Gastritis is the inflammation, often asymptomatic, of the mucous membrane that covers the interior of the stomach, and the diagnosis is essentially histological. The causes can be many different: from a bacterial infection to the use of aggressive drugs for the gastric mucosa or the consumption of particularly acidic foods. This inflammation (or inflammation) can vary from simple redness to the development of small and painful abrasions, erosions and ulcers. We spoke with Dr. Federica Furfaro, gastroenterologist at Humanitas, about symptoms, causes and therapy.
One of the most common causes of gastritis is the use of gastrolesic drugs, such as non-steroidal anti-inflammatory drugs (NSAIDs), which reduce the production of prostaglandins in the stomach. The prostaglandins reduce acid secretion, stimulate the production of mucus and bicarbonates and promote blood circulation of the gastric mucosa, ensuring its integrity, so a reduction promotes the development of gastritis. Another possible cause of gastritis is the presence of a bacterial infection with Helicobacter Pylori.

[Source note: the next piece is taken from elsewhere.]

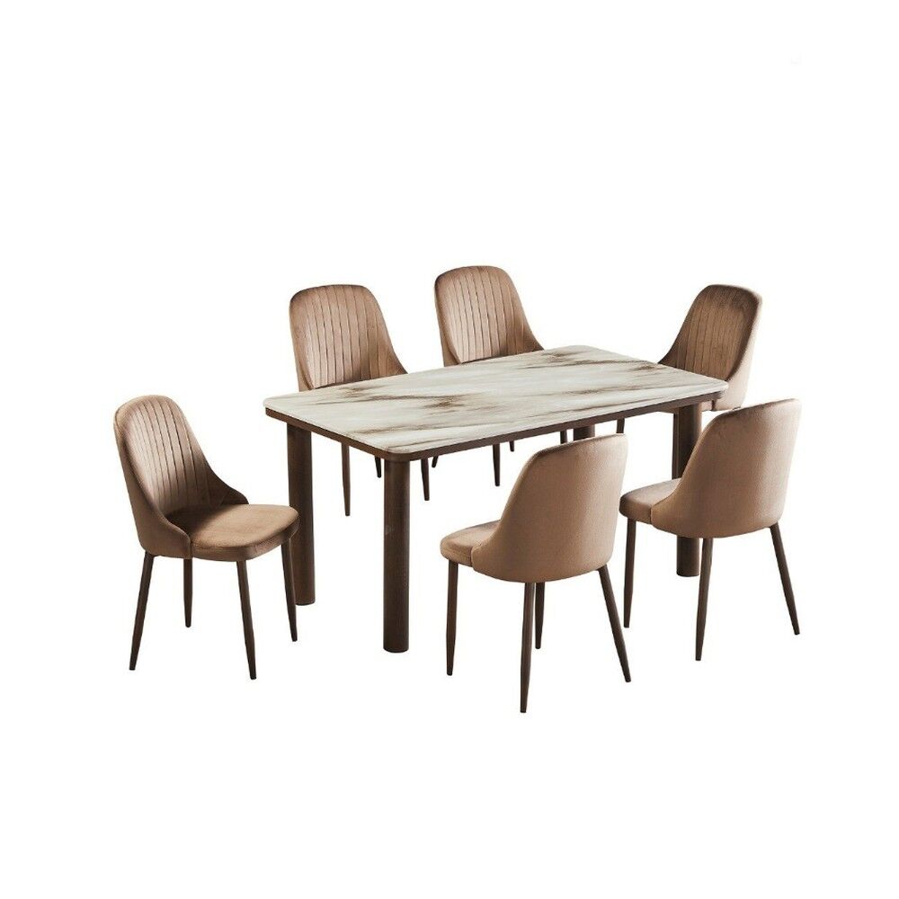 طقم طاولة طعام ميرنا 6 اشخاص رخام - بني

The bacterium is able to resist the acidic environment of the stomach and produces a series of enzymes harmful to the stomach walls, promoting the development of gastritis and often ulcers.

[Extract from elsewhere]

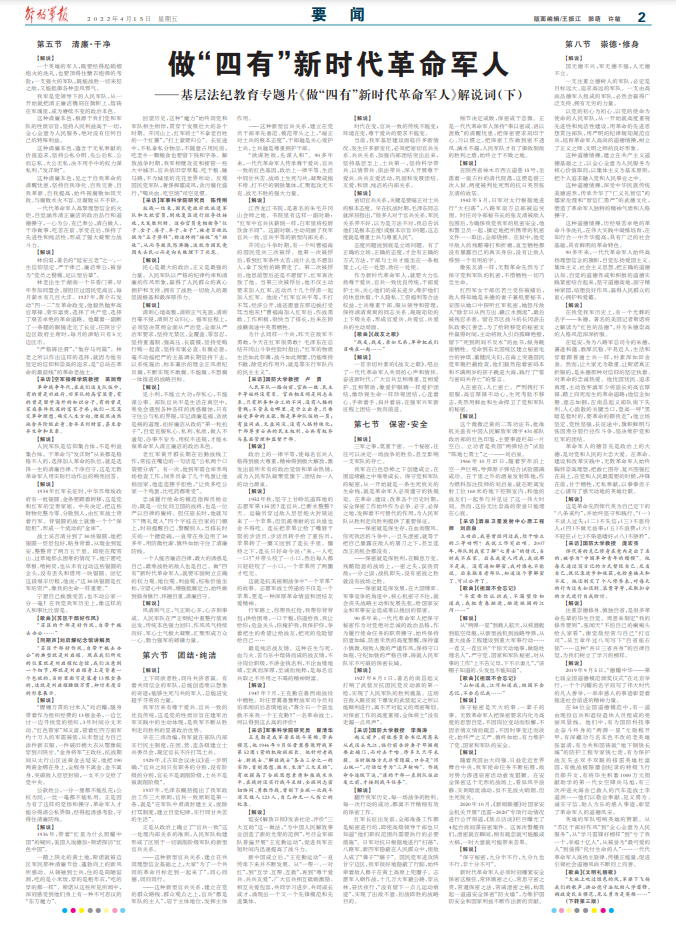 做“四有”新時代革命軍人,就要把德作為立身之本、成才之基,保持艱苦奮斗本色,培養(yǎng)健康生活情趣,堅守真理、堅守正道、堅守原則、堅守規(guī)矩,踐行社會公德、職業(yè)道德、家庭美德、個人品德,矢志追求更有高度、更有境界、更有品位的人生。

The gastritis is often asymptomatic. However, it can manifest as a difficult digestion (dyspepsia), with a post-prandial feeling of replenishment, nausea, burning and/or pain in the central part of the abdomen (usually at the top, in the middle, in a region of the abdomen called the epigastrium). In some cases the pain is reduced or disappears after the main meals. Patients with this condition rarely complain of vomiting, after eating or fasting.
Diagnosis and therapy
The first thing to do in young people is to research the Helicobacter Pylori. The bacterium can be tested by faecal, blood or breath tests (urea Breath Test). The breath test is performed by making the patient drink a particular solution containing a marked urea with a carbon isotope (non-radioactive), therefore the patient must breathe inside a machine or in a tube. The bacterium is able to split the urea into water and carbon dioxide, if in the patient’s exhaled there is the presence of carbon dioxide marked means that there is infection with Helicobacter Pylori.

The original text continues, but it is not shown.